Ein Massenphänomen. Konfektion von der Stange. Das, was Adorno, den letzten großen Bürgerphilosophen, an der Mode faszinierte, war die Haute Couture. „Große Künstler seit Baudelaire waren mit der Mode im Komplott“: Verhältnismäßig lapidar strich Adorno die Gemeinsamkeiten zwischen Mode und Kunst ein, was ihren Instinkt für die Jahreszahl betrifft. Einig sind sie sich außerdem „in der Aversion gegen Provinzialismus, gegen jenes Subalterne, das von sich fernzuhalten den einzigen menschenwürdigen Begriff künstlerischen Niveaus abgibt“. Das Modische als das Zeitbewusstsein der Kunst rettet sie vom Drang zum Ewigen und Pathetischen. Modisch ist nicht-klassisch. Sie belässt Dinge offen und unvollendet, divergent und widersprüchlich.
Theodor W. Adorno hat ein relativ fortschrittliches Verständnis für die Mode entwickelt, weil sie die Dinge leicht hielt und sich so spielerisch jedem Jargon von Eigentlichkeit entzog. Als Positivismusfeind fand Adorno in der Mode einen Referenzboden eigener Negativität. Das stets Verneinende, Gegenwart Verleugnende, Unstete der Trends – diese innere wie äußere Zerrissenheit – interessierte Adorno; dort wo sie es nicht war, sondern böser Alltag, sah er in ihnen Metaphern für das beschädigte Leben – wie bei den Pantoffeln, die er dafür hasste, dass man in sie hineingelangen konnte, ohne sich bücken zu mühen. Die verweigerte Mühe als Sinnbild für einen geschwundenen Lebensmut.

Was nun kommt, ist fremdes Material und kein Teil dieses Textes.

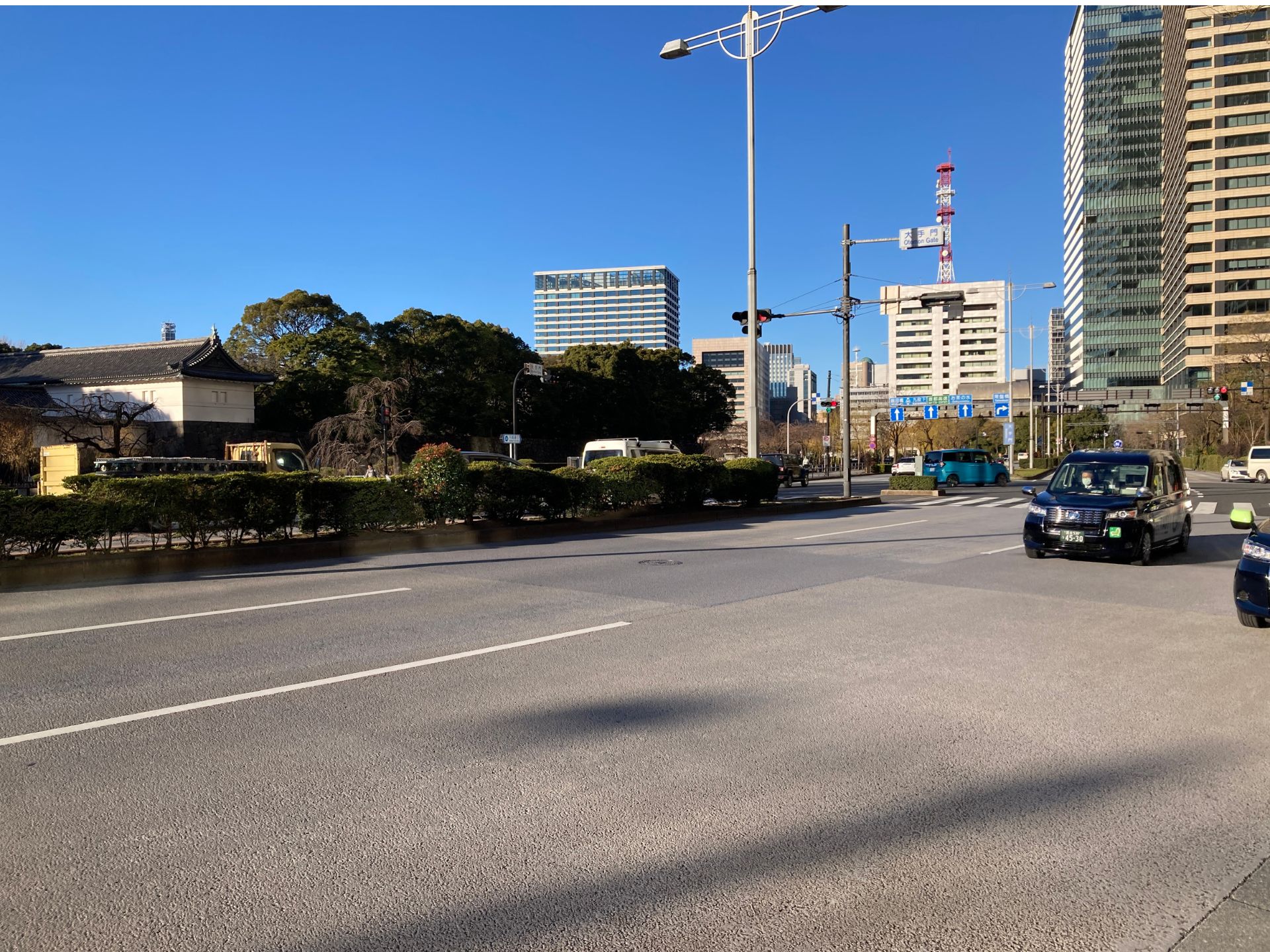 This is Uchibori-Dori. This street is the most inner loop of Tokyo: some people call this street “Loop 1”. The reason is apparent. This street runs along the inner moat of the imperial palace,that is , used to be the inner moat of Edo castle. Inside this loop is the residence of the royal family. Many people enjoy 6km-jogging along this street.

Adorno hasste die Bürger, weil er einer der Ihren war und weil so viele von ihnen den Allerbesten unter ihnen, den Juden, so unendlich viel Leid zugeführt hatten. Er sah in den Bürgern etwas, dass verdorben war bis ins Mark. Und doch konnte er bei seinen reichen Gastgebern in New York nicht aufhören, voller Emphase zuerst auf deren maßgeschneiderte Anzüge, Schuhe und Kostüme zu starren und dann darüber zu schreiben. Stil bedeutete eine Erlösung im Ästhetischen, ohne die Verbindlichkeit eines Weltentwurfs mit beinhalten zu wollen. Es waren die Masken vor dem Ich, die vor Intimität schützten und gleichzeitig verführten. Die zauberhafte Freiheit von Individualität und Identität. Mit der Mode wurde das Ich-Sagen überflüssig oder in sich widersprüchlich.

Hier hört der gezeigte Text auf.